For Abidam’s elderly neighbor, ‘Don Pedro,’ the idea of a son living and working in Mexico sounds like a dream. His only child, Darwin, headed north just last year. His goal: to earn enough to replace the old roof on his parents’ cinderblock home. But Darwin met a different fate. Unless something changes, Don Pedro will now have to watch after his pregnant daughter-in-law and granddaughters on his own.
These are the stories that define the lives of so many people in Central America in the 21st century. They come from a region where fighting climate change is next to impossible. Governments don’t even have the resources to finance basic programs to help farmers adapt, by switching, for example, to less water-intensive crops. In Honduras, as things stand, the poorest people must rely on outside entities such as the World Food Program for the staples they need to survive.
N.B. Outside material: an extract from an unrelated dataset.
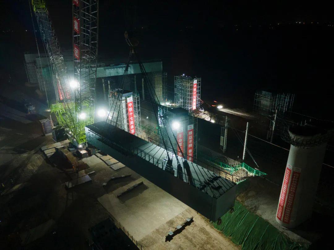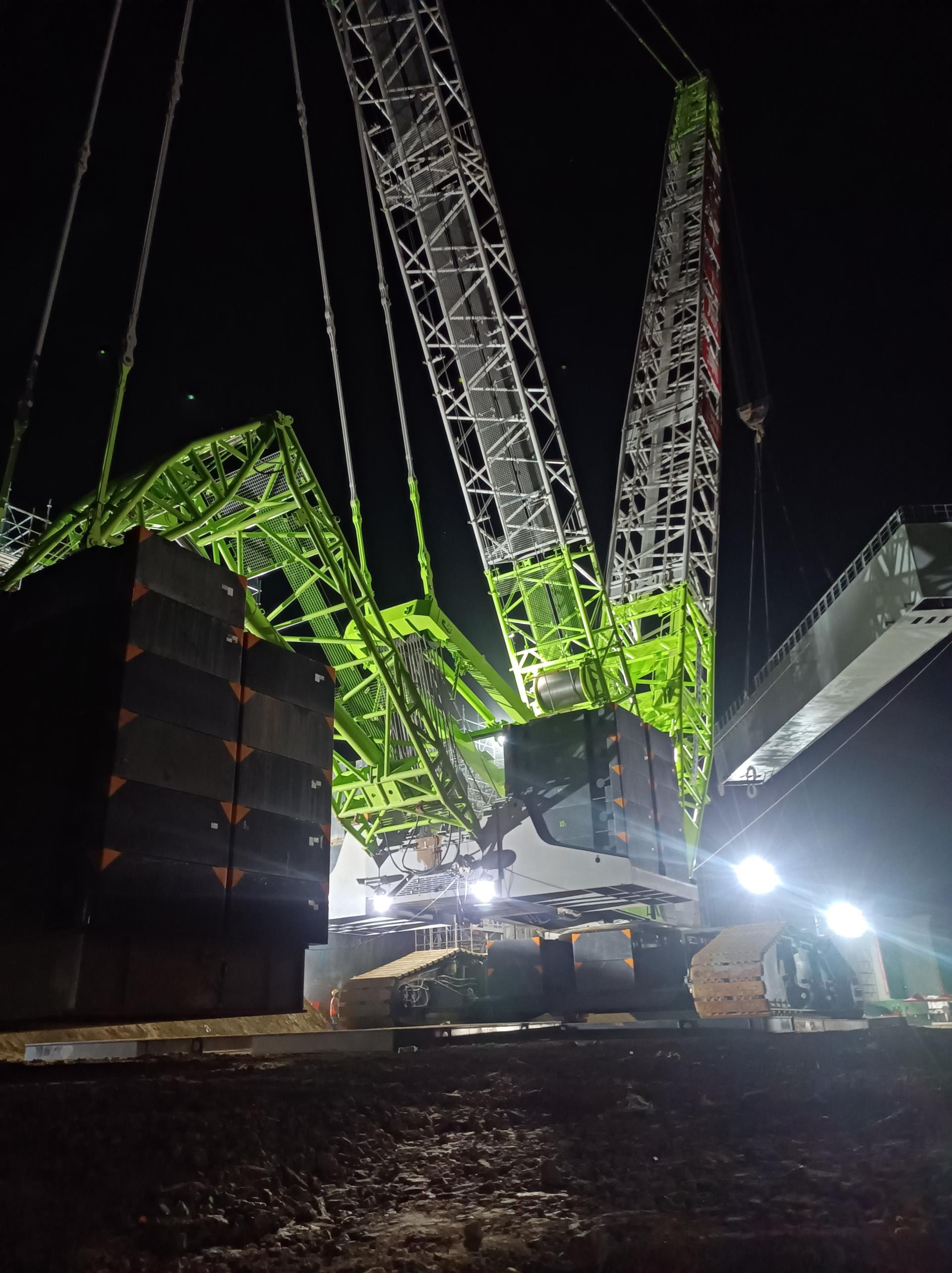 在中聯(lián)重科履帶吊吊裝的鋼橫梁中,有一榀長33.84米,寬4.58米,高3.5米,重達276.4噸,需要將其吊至離地面18米,相當于6層樓的高度,還要平穩(wěn)落在框架墩上,偏差要控制在毫米級,即使風力的影響都要嚴格計算,做到“繡花”一樣精細。4月20日凌晨,中聯(lián)重科千噸級履帶吊穩(wěn)穩(wěn)起吊橫梁,旋轉(zhuǎn)、擺正、下落、校正一氣呵成,施工用時不到30分鐘,贏得項目部高度贊譽。

It’s often said that climate change will affect rich and poor alike. While that’s true, in the short term it’s the poor who suffer far more. People with little or no money can’t just up and move. They can’t invest in solutions or experiment with new technologies. They sit on the front lines of extreme weather, at the mercy of unpredictable, torrential rains and flooding, or dry seasons that stretch on for years without end.
But the consequences of their suffering hardly leave the so-called developed world unaffected. The United States, for example, grapples with massive migrations of people looking for better futures, putting pressure on its own resources, from housing and education to jobs and border security. Europe faces similar influxes from Africa, the Middle East and beyond. And that’s not to mention the direct effects of extreme weather on their own communities, in the form of unprecedented wildfires, storm surges and drought. But where pockets are deeper governments tend to drag their heels. And that’s something the entire world cannot afford.